EXCERPTED RECORDS ::

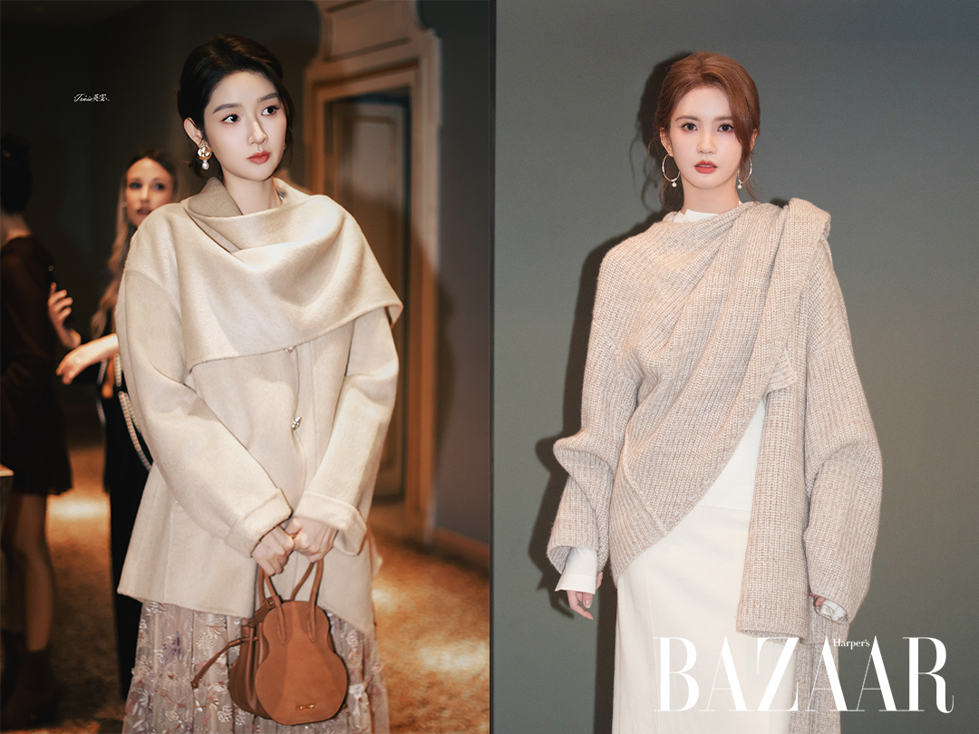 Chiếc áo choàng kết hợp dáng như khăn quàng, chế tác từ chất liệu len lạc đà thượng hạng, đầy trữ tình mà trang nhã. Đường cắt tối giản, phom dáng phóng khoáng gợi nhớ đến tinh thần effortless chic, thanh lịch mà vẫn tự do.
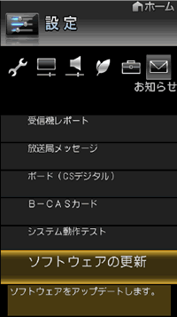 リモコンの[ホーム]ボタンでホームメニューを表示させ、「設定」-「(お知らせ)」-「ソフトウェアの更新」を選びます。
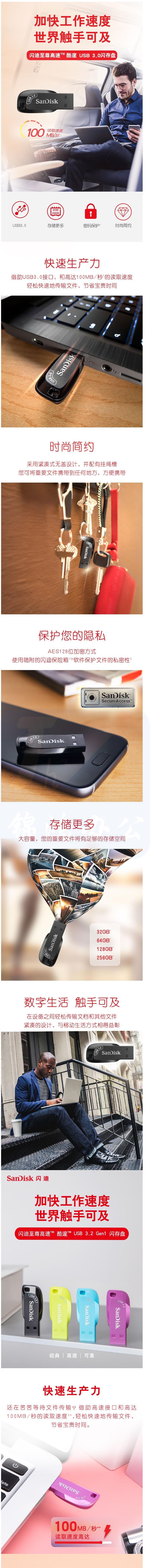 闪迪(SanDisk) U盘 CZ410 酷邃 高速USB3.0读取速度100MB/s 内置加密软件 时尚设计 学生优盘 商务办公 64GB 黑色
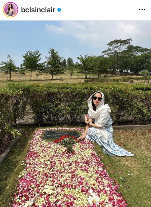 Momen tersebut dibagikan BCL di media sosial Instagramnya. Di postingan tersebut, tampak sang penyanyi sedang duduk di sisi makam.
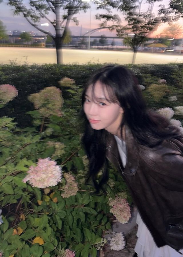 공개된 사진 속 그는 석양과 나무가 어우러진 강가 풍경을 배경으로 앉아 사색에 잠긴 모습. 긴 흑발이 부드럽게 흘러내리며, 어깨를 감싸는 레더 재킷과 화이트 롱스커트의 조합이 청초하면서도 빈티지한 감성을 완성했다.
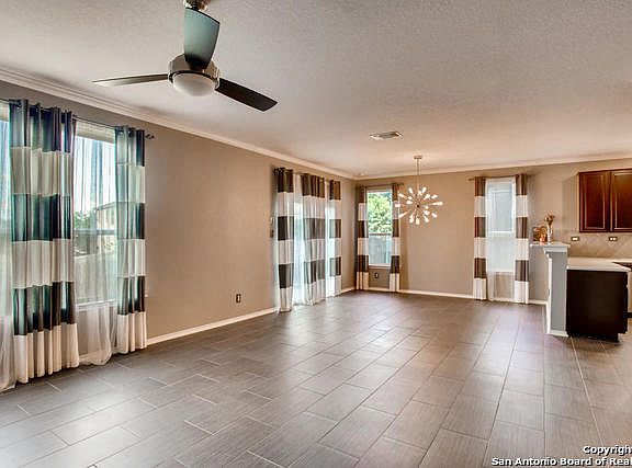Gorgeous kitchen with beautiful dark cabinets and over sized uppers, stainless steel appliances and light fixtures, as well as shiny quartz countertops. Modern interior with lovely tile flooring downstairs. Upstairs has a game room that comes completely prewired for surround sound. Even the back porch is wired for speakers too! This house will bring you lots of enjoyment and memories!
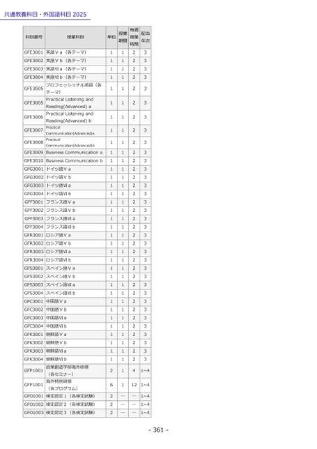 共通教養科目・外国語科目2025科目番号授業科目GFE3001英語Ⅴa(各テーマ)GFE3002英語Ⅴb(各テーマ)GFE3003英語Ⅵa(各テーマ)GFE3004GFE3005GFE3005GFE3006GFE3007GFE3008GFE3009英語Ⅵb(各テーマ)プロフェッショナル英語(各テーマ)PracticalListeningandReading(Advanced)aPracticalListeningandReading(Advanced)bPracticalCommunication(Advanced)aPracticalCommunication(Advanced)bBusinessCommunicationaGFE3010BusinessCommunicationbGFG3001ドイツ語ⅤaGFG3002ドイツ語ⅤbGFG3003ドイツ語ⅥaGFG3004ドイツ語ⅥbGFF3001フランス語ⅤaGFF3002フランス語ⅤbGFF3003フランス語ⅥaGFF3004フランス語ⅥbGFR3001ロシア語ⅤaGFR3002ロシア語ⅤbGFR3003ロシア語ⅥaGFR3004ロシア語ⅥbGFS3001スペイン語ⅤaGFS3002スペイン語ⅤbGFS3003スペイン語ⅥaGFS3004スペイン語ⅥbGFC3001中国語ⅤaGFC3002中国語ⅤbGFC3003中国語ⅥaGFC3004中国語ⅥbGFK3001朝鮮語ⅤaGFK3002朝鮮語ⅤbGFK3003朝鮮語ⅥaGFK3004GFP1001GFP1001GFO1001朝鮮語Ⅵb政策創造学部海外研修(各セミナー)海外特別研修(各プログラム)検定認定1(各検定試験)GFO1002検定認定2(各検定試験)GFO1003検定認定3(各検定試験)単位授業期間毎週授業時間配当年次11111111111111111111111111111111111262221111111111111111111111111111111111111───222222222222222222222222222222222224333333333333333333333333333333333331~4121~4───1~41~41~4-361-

WHAT YOU ARE ASKED TO DO ::
What is needed is an exact copy of the lines from the start of the records through the line containing "Gorgeous kitchen with", with no pictures.

YOUR RESPONSE ::
 Chiếc áo choàng kết hợp dáng như khăn quàng, chế tác từ chất liệu len lạc đà thượng hạng, đầy trữ tình mà trang nhã. Đường cắt tối giản, phom dáng phóng khoáng gợi nhớ đến tinh thần effortless chic, thanh lịch mà vẫn tự do.
 リモコンの[ホーム]ボタンでホームメニューを表示させ、「設定」-「(お知らせ)」-「ソフトウェアの更新」を選びます。
 闪迪(SanDisk) U盘 CZ410 酷邃 高速USB3.0读取速度100MB/s 内置加密软件 时尚设计 学生优盘 商务办公 64GB 黑色
 Momen tersebut dibagikan BCL di media sosial Instagramnya. Di postingan tersebut, tampak sang penyanyi sedang duduk di sisi makam.
 공개된 사진 속 그는 석양과 나무가 어우러진 강가 풍경을 배경으로 앉아 사색에 잠긴 모습. 긴 흑발이 부드럽게 흘러내리며, 어깨를 감싸는 레더 재킷과 화이트 롱스커트의 조합이 청초하면서도 빈티지한 감성을 완성했다.
Gorgeous kitchen with beautiful dark cabinets and over sized uppers, stainless steel appliances and light fixtures, as well as shiny quartz countertops. Modern interior with lovely tile flooring downstairs. Upstairs has a game room that comes completely prewired for surround sound. Even the back porch is wired for speakers too! This house will bring you lots of enjoyment and memories!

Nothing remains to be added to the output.